Today I was speaking at church on resurrection, particularly drawing on Paul’s impassioned teaching about the centrality of resurrection to Christian faith. This makes clear that the bodily resurrection of Jesus Christ is central to the Christian faith. Jesus isn’t the only person raised from the dead in the Bible (and that, in itself is a big step beyond mere resuscitation, where someone is brought back from this side of the brink of death) but he is the first and so far only person raised in an immortal, imperishable body. Read 1 Corinthians 15 for the full story.
One of my supplementary points, but my way in, was the observation that Paul seems quite ‘caught up’ as he writes, carried along with passion and wonder particularly as the chapter reaches its climax. That’s not an uncommon experience. I described how I might get caught up playing music, reading a story or even, sometimes, when preaching; if we’d stopped at that point for a discussion, I expect I might have found other examples I hadn’t begun to imagine from other people’s experiences too.

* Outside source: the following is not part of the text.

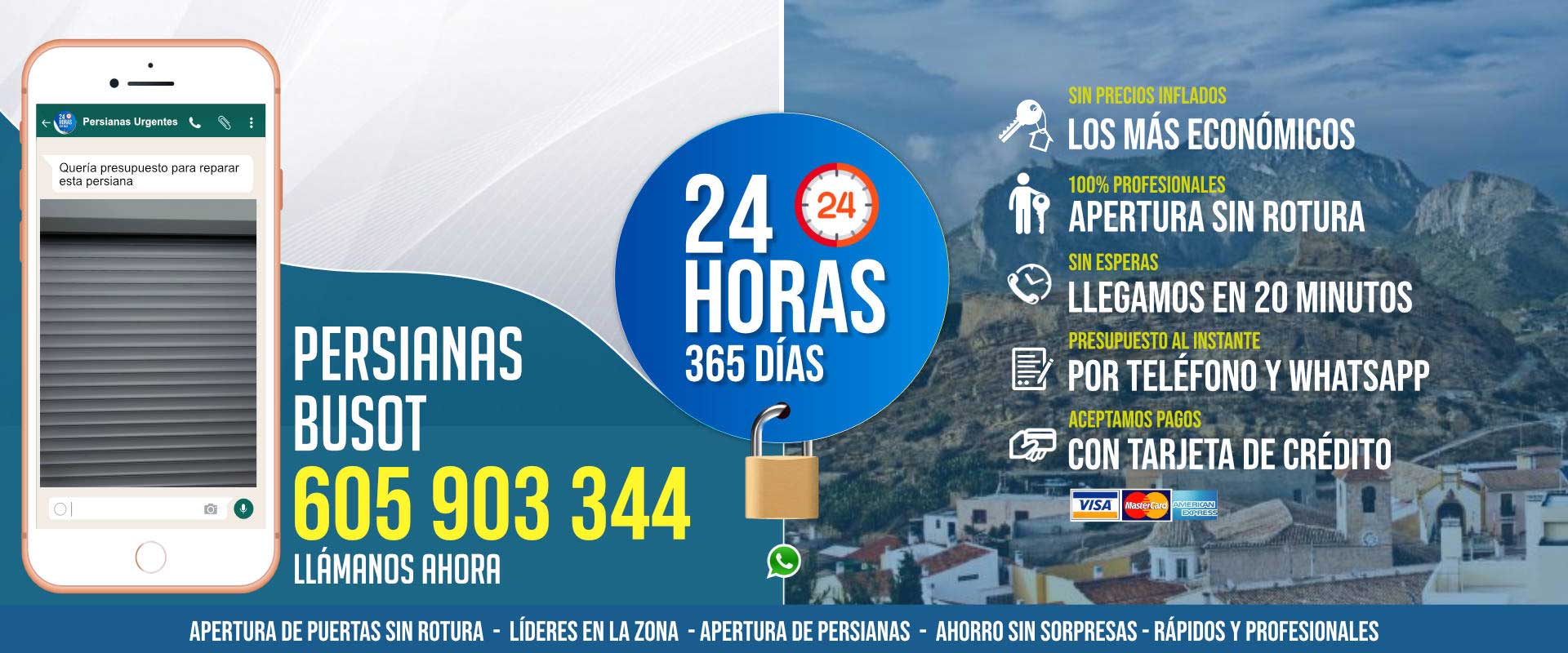 Las Persianas de Hogar tienen una función esencial a la hora de proteger del sol, frío e insonorización. Son un elemento muy útil que ofrece la posibilidad de controlar la ventilación de la casa y la privacidad. Reparamos y ofrecemos servicio a domicilio en la zona de Busot. Nos adaptamos en todo momento a las necesidades del cliente, donde contamos con una gran variedad de material de este tipo de persianas: madera, aluminio, PVC, etc.

I film I recently watched, Soul (2020), gives a lovely visual illustration of this. When its protagonist gets carried away playing jazz piano you see him transported as if to another dimension. Later in the film (and without wanting to give away any spoilers) it becomes apparent that he truly is touching another dimension at those times. Here is my closing section from the talk as I circled back to join things up:
Finally, a reflection on being ‘caught up’. It is a wonderful and worthy experience but it rarely comes when you seek it for itself. Instead, it often comes as the result of putting in the hard miles. You’ve done those long hours of hidden practise to hone a skill. You’ve kept on being faithful, even when it hurt. Perhaps like Paul – or like our Lord, Jesus – you know what it is to be poured out? In the year that lies ahead, keep on keeping on and may you also know something of what it is to be caught up.